Flexible PCB Materials for Smartphones: Panasonic FELIOS Series Deep Dive

If you’ve ever performed a teardown on a flagship smartphone, you know that the “guts” of the device are no longer a collection of rigid green boards. Instead, you see a complex, multi-layered “origami” of copper and polyimide. As an engineer, I can tell you that the move toward ultra-thin, high-frequency, and foldable devices has made the substrate choice the most critical part of the mechanical design.

When we talk about flex PCB material smartphones FELIOS is the name that carries the most weight in the industry. Panasonic’s FELIOS series effectively defined the “adhesiveless” laminate category, providing the dimensional stability and thermal resistance needed to survive the brutal assembly environment of a modern handset.
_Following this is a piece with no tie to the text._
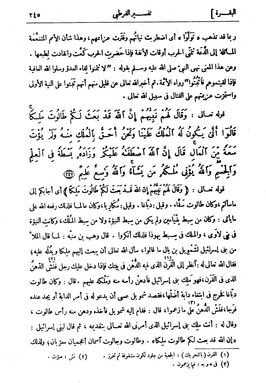 قَوْلُهُ تَعَالَى: (وَقالَ لَهُمْ نَبِيُّهُمْ إِنَّ اللَّهَ قَدْ بَعَثَ لَكُمْ طالُوتَ مَلِكاً) أَيْ أَجَابَكُمْ إِلَى مَا سَأَلْتُمْ، وَكَانَ طَالُوتُ سَقَّاءً. وَقِيلَ: دَبَّاغًا. وَقِيلَ: مُكَارِيًا، وَكَانَ عَالِمًا فَلِذَلِكَ رَفَعَهُ اللَّهُ عَلَى مَا يَأْتِي: وَكَانَ مِنْ سِبْطِ بِنْيَامِينَ وَلَمْ يَكُنْ مِنْ سِبْطِ النُّبُوَّةِ وَلَا مِنْ سِبْطِ الْمُلْكِ، وَكَانَتِ النُّبُوَّةُ فِي بَنِي لَاوَى، وَالْمُلْكُ فِي سِبْطِ يَهُوذَا فَلِذَلِكَ أَنْكَرُوا. قَالَ وَهْبُ بْنُ مُنَبِّهٍ: لَمَّا قَالَ الْمَلَأُ مِنْ بَنِي إِسْرَائِيلَ لِشَمْوِيلَ بْنِ بَالَ مَا قَالُوا، سَأَلَ اللَّهَ تَعَالَى أَنْ يَبْعَثَ إِلَيْهِمْ مَلِكًا وَيَدُلَّهُ عَلَيْهِ، فَقَالَ اللَّهُ تَعَالَى لَهُ: انْظُرْ إِلَى الْقَرَنِ «١» الَّذِي فِيهِ الدُّهْنُ فِي بَيْتِكَ فَإِذَا دَخَلَ عَلَيْكَ رَجُلٌ فَنَشَّ «٢» الدُّهْنَ الَّذِي فِي الْقَرَنِ، فَهُوَ مَلِكُ بَنِي إِسْرَائِيلَ فَادْهُنْ رَأْسَهُ مِنْهُ وَمَلِّكْهُ عَلَيْهِمْ. قَالَ: وَكَانَ طَالُوتُ دَبَّاغًا فَخَرَجَ فِي ابْتِغَاءِ دَابَّةٍ أَضَلَّهَا، فَقَصَدَ شَمْوِيلَ عَسَى أَنْ يَدْعُوَ لَهُ فِي أَمْرِ الدَّابَّةِ أَوْ يَجِدَ عِنْدَهُ فَرَجًا، فَنَشَّ الدُّهْنَ عَلَى «٣» مَا زَعَمُوا، قَالَ: فَقَامَ إِلَيْهِ شَمْوِيلُ فَأَخَذَهُ وَدَهَنَ مِنْهُ رَأْسَ طَالُوتَ، وَقَالَ لَهُ: أَنْتَ مَلِكُ بَنِي إِسْرَائِيلَ الَّذِي أَمَرَنِي اللَّهُ تَعَالَى بِتَقْدِيمِهِ، ثُمَّ قَالَ لِبَنِي إِسْرَائِيلَ:" إِنَّ اللَّهَ قَدْ بَعَثَ لَكُمْ طالُوتَ مَلِكاً". وَطَالُوتُ وَجَالُوتُ اسْمَانِ أَعْجَمِيَّانِ مُعَرَّبَانِ، وَلِذَلِكَ

The Engineering Shift: Why Adhesiveless FELIOS Dominates Smartphones

In the early days of flex circuits, we used “adhesive-based” laminates—basically a sandwich of polyimide (PI) and copper held together by an acrylic or epoxy adhesive. For a simple flip-phone hinge, that was fine. But for a 5G smartphone, those adhesives are a disaster. They are thick, they absorb moisture like a sponge, and their thermal stability is poor.

Panasonic’s Panasonic PCB FELIOS series uses an adhesiveless construction. By either casting the polyimide directly onto the copper or using a specialized vacuum deposition process, Panasonic eliminated the “middleman.”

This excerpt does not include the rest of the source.